In the current bridge_rules.ml implementation, instead of compiling three separate rule sets, all rules are mixed together in a single verification key.

Impact. When deploying the mixed rule set both to the L1 and the L2, contract interactions outside the actual protocol design would be available to users.

In particular, a “disabled” outer contract with all the other rules still present would not actually be disabled.

Recommendation. Split up compilation into three different rule sets.

Client response. The issue was fixed in commit c291d4d.

Description. The function sub_then_dec performs subtraction $w=x-y-dec$ where $x$, $y$, and $w$ are big integers represented as three limbs and $dec$ is a small constant value.

But in the implementation, to compute the witness of $w$, a hard-coded constant value of $1$ is used instead of deriving it from the dec parameter, as seen in the following snippet.

let* (w0, w1), w2 =
    exists
        Typ.(F.typ * F.typ * F.typ)
        ~compute:
        (let- z0 in
            let- z1 in
            let- z2 in
            Zeko_as_prover.sub ~x0:z0 ~x1:z1 ~x2:z2 ~y0:Field.one
            ~y1:Field.zero ~y2:Field.zero
            |> As_prover.return )
    in

Impact. The circuit is incomplete if the value of $dec$ is not equal to one. In practice, an issue might not occur because in the audited code base, the function is always used with $dec=1$.

Recommendation. Update the parameters of (y0, y1, y2) to use the value from the dec for computing the witness of (w0, w1, w2).
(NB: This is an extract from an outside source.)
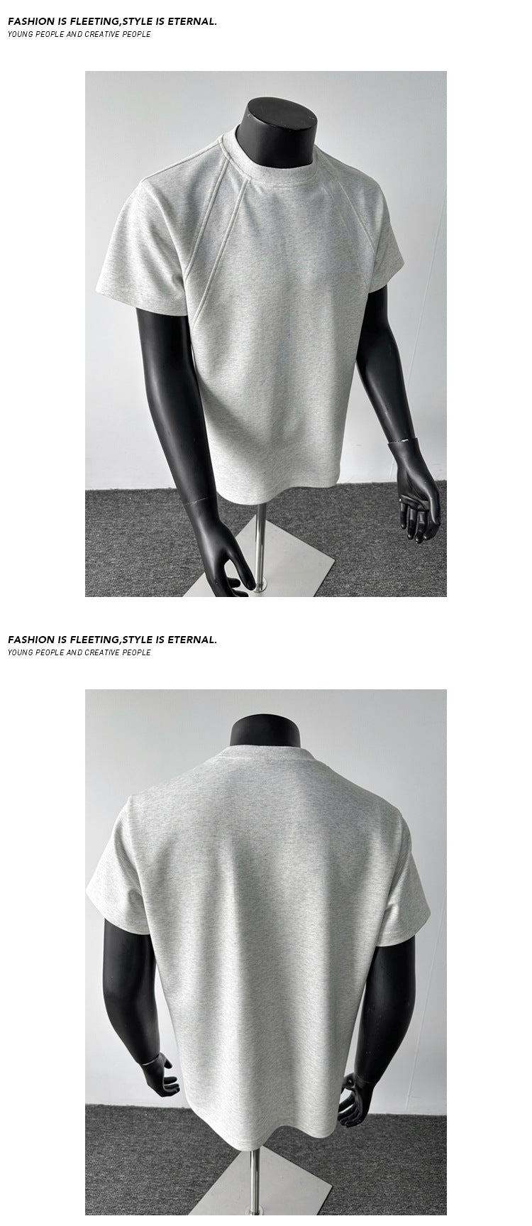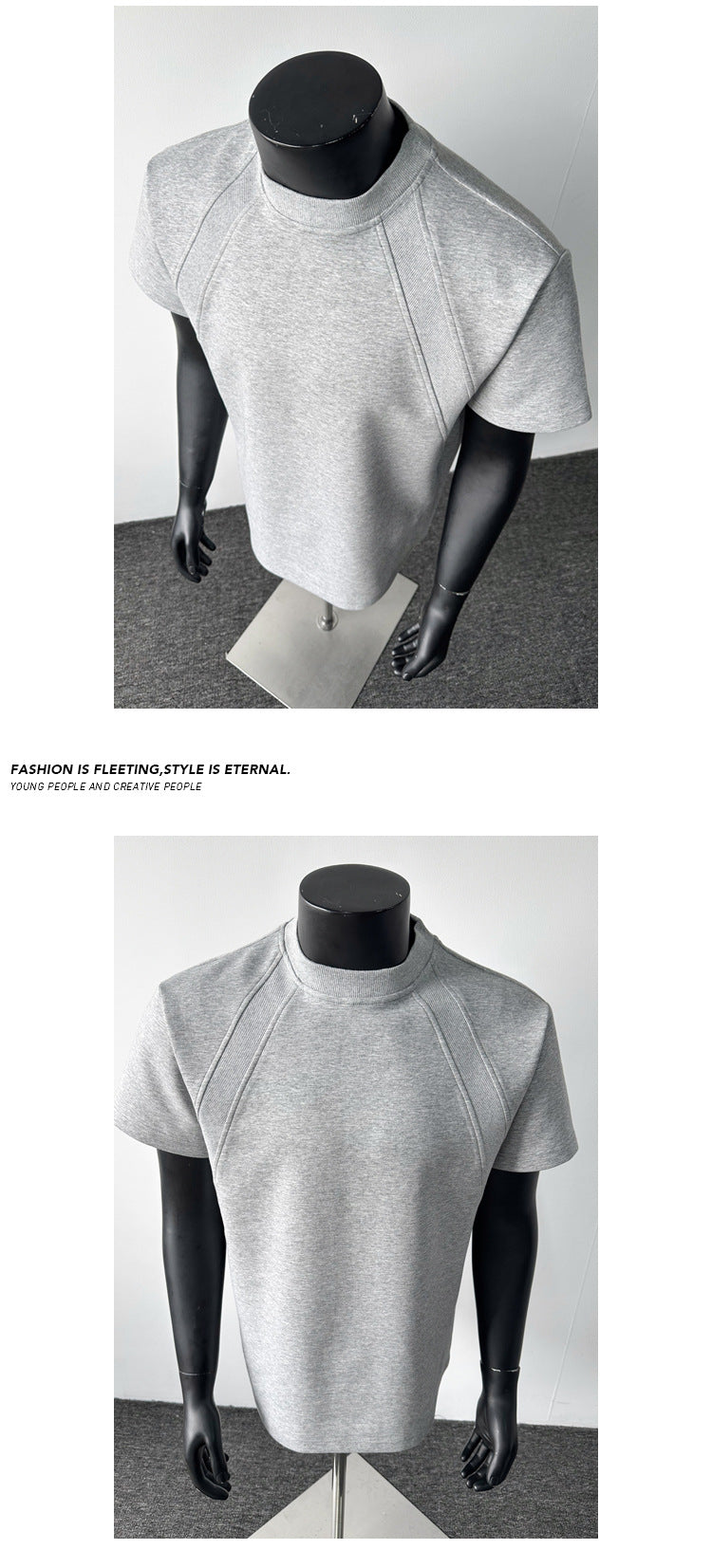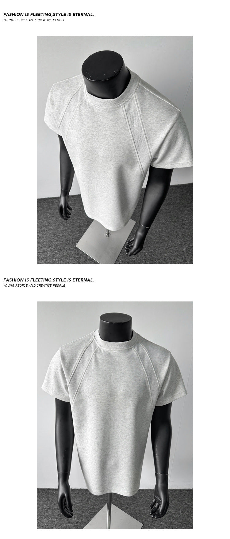 cleanfit American Style Heavyweight Deconstructed Short Sleeve Men's Summer boxy Version T T-shirt Air Layer Patchwork Gray Top

The bridge contracts are designed to work for bridging either MINA or custom tokens. However, due to differences in how the zkapp protocol handles those kinds of tokens, the logic sometimes has to disambiguate between the two cases.

This is why the bridge rules depend on abstract configuration modules called Deposit_params and Withdrawal_params which have two instantiations, one for MINA and one for custom tokens: Deposit_params_base vs Deposit_params_custom, and same for withdrawals.

In bridge_rules.ml, two different functors called Make_mina and Make_custom are defined for the two cases. However, both functors accidentally use Deposit_params_base and Withdrawal_params_base, i.e. the native MINA configuration.

The Zeko team was already aware of this bug when we notified them.